Your first sentence can be both true and false. In as much as psychiatric treatments are observed to change behavior (including speech), then yes, it is a science. In as much as it claims that its treatments change internal experiences, well, that's far less measurable. To be able to claim that a med works better than placebo by having the patients fill in an arbitrary "depression level" on a scale of one to ten before and after treatment is a fairly dubious scientific practice. And what does the patient and researcher mean by "depression"? Is it the lack of positive thoughts and experiences, or a presence of negative thoughts and experiences? That may seem like a trite distinction, but it's a crucial one in gauging whether anti-depressants are effective in treating it. As an example, if depression is defined in positive terms, as the presence of negative emotions, then a result that numbs the patient out will be viewed as a successful response, whereas if depression is defined in negative terms (as a lack of positive experiences), such a response would be viewed as a failure. And finally, inasmuch as psychiatry claims that a person's internal experiences or life problems are "caused" by "mental diseases, analogous to physical diseases", and that the treatments they use work just like medicines to treat physical illnesses like diabetes, well, that's pure pseudoscientific nonsense. I also don't disapprove of the use of their treatments, just recommend caution and skepticism with them, as I do pretty much everything.
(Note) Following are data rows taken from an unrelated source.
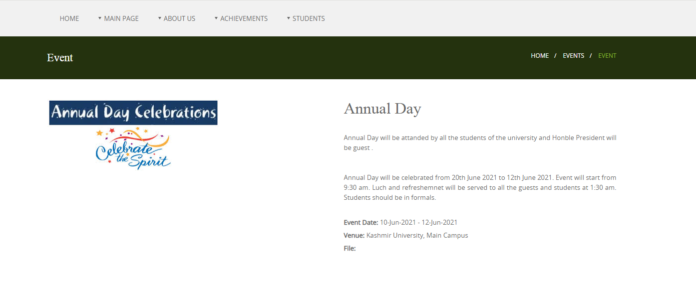Screenshot  showing an Event by the name Annual Day has been created on the website.
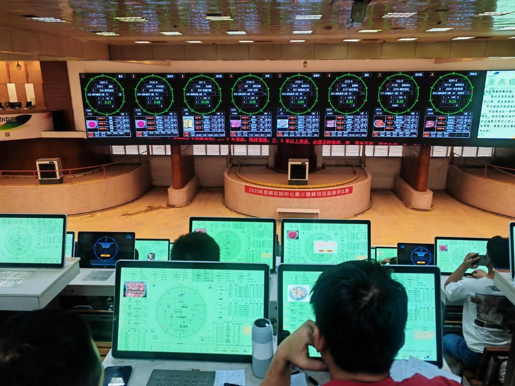 記者在昆明國際花卉拍賣交易中心看到,拍賣大鐘界面顯示著各種花卉的信息,數(shù)百名購買商操作著競(jìng)價(jià)器選購鮮花。昆明國際花卉拍賣交易中心副總經(jīng)理汪洋介紹,這里每天的鮮花交易量都超700萬枝,單日最高交易量超1100萬枝,30%以上的鮮花被各大電商和直播團(tuán)隊(duì)拍下,他們?cè)倌玫诫娚唐脚_(tái)或直播間銷售。
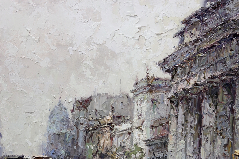 Postimpressionist Deutsch 20. Jh. Brandenburger Tor und Berliner Dom in pastös aufgetragener Farbe. Öl auf Leinwand. Unten rechts und verso unleserlich signiert, verso bezeichnet. Größe ca.60 x 90 cm, Rahmen ca. 79 x 108 cm. Guter Zustand.
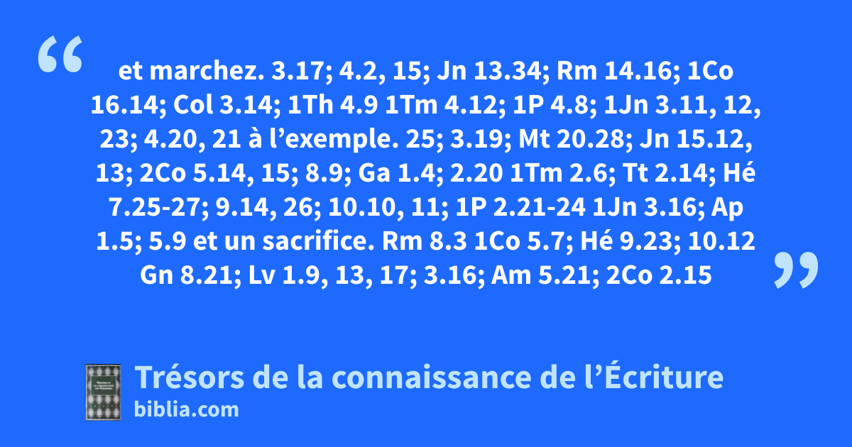et marchez. 3.17; 4.2, 15; Jn 13.34; Rm 14.16; 1Co 16.14; Col 3.14; 1Th 4.9 1Tm 4.12; 1P 4.8; 1Jn 3.11, 12, 23; 4.20, 21 à l’exemple. 25; 3.19; Mt 20.28; Jn 15.12, 13; 2Co 5.14, 15; 8.9; Ga 1.4; 2.20 1Tm 2.6; Tt 2.14; Hé 7.25-27; 9.14, 26; 10.10, 11; 1P 2.21-24 1Jn 3.16; Ap 1.5; 5.9 et un sacrifice. Rm 8.3 1Co 5.7; Hé 9.23; 10.12 Gn 8.21; Lv 1.9, 13, 17; 3.16; Am 5.21; 2Co 2.15

I'm not that schooled on chiropractic medicine to know whether their claims can or have been measured scientifically or not. I do know that they have not been demonstrated to treat any known diseases. I don't know what scientific studies have been done to gauge whether or not chiropractic work has a measured and sustained effect at reducing discomforts, or improving mobility, for example. Maybe it does and maybe it doesn't.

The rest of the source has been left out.